Can you guys give me a hint ?
 A: $f(x+y)-f(y)
=\cfrac{x}{y(x+y)}
=\frac1{y}-\frac1{x+y}
$
so
$f(x+y)+\frac1{x+y}
=f(y)+\frac1{y}
$.
Therefore,
$f(x)+\frac1{x}$
is constant,
so
$f(x)
=d-\frac1{x}
$
for some $d$.
Substituting this,
the $d$s cancel out,
so any $d$ works,
and the solution is
$f(x)
=d-\frac1{x}
$
for any $d$.
A: Hint: Let $x=1-y$, hence $x+y=1$.
Then we get $$f(1)-f(y)=\frac{1-y}{y}$$
I will include the full solution in a spoiler, since you only asked for a hint.

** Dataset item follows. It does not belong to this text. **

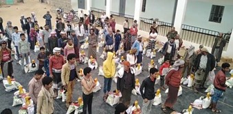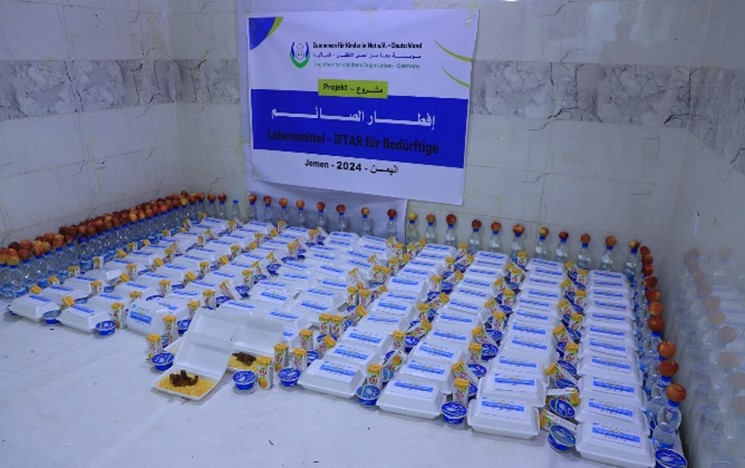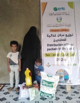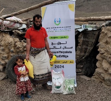 Im März/April 2024 und auch im Dezember 2024 wurden in der Republik Jemen 3320 Lebensmittelpakete umgesetzt. Jedes Lebensmittelpaket enthält 10–25 kg Mehl, 5–10 kg Reis, 5–10 kg Zucker, 1,5–2 Liter Öl, 1–2 kg Datteln, Nudeln und Bohnen. Das Projekt umfasste mehrere Gouvernements im Jemen, darunter Ma’rib, Al-Mahra, Taiz, Ibb, Dhamar, Al-Hudaydah und ländliche Gebiete. Das Projekt kam 3320 Familien von Vertriebenen, Waisen, Kranken und Bedürftigen zugute. | |

  This gives $f(0)=c$ and $f(1)=d$, then $f(y)=\frac{y-1}{y}+d$ for all other $y$. This simplifies to $f(0)=c$ and $f(y)=\frac{y-1}{y}+d$ for all other $y$.  We have to check whether every such function satisfies. Note that neither $y$ nor $x+y$ can ever be zero, so $f(0)$ can indeed be anything.  Now we have to check the other values: Does  $$\left(\frac{x+y-1}{x+y} + d\right) - \left(\frac{y-1}{y} +d \right) = \frac{y}{y(x+y)} ?$$  $$\frac{y(x+y-1)-(y-1)(x+y)}{y(x+y)} = \frac{y}{y(x+y)} ?$$  It turns out that the functions do satisfy the functional equation. 

A: Another approach: I assume that $f$ is a function of a single real variable.Write the defining equation as $\frac{f(y+x) - f(y)}{(y+x)- y} = \frac{1}{y(x+y)}$
(for $x,y,(x+y) \neq 0).$ Take the limit as $x \to 0$. On the one hand this limit is $\frac{1}{y^{2}}.$ On the other hand, the limit is, by definition, the derivative $f^{\prime}(y)$, (and we have proved that this exists for $y \neq 0$).
An antiderivative of $\frac{1}{y^{2}}$ is $\frac{-1}{y}$. Hence $f(y) = \frac{-1}{y} + C$ for a constant $C$, as long as $y \neq 0$. (Strictly speaking this proves that any function $f$ which satisfies the equation has to be of the described form. It should be checked that such functions satisfy the equation- but they do).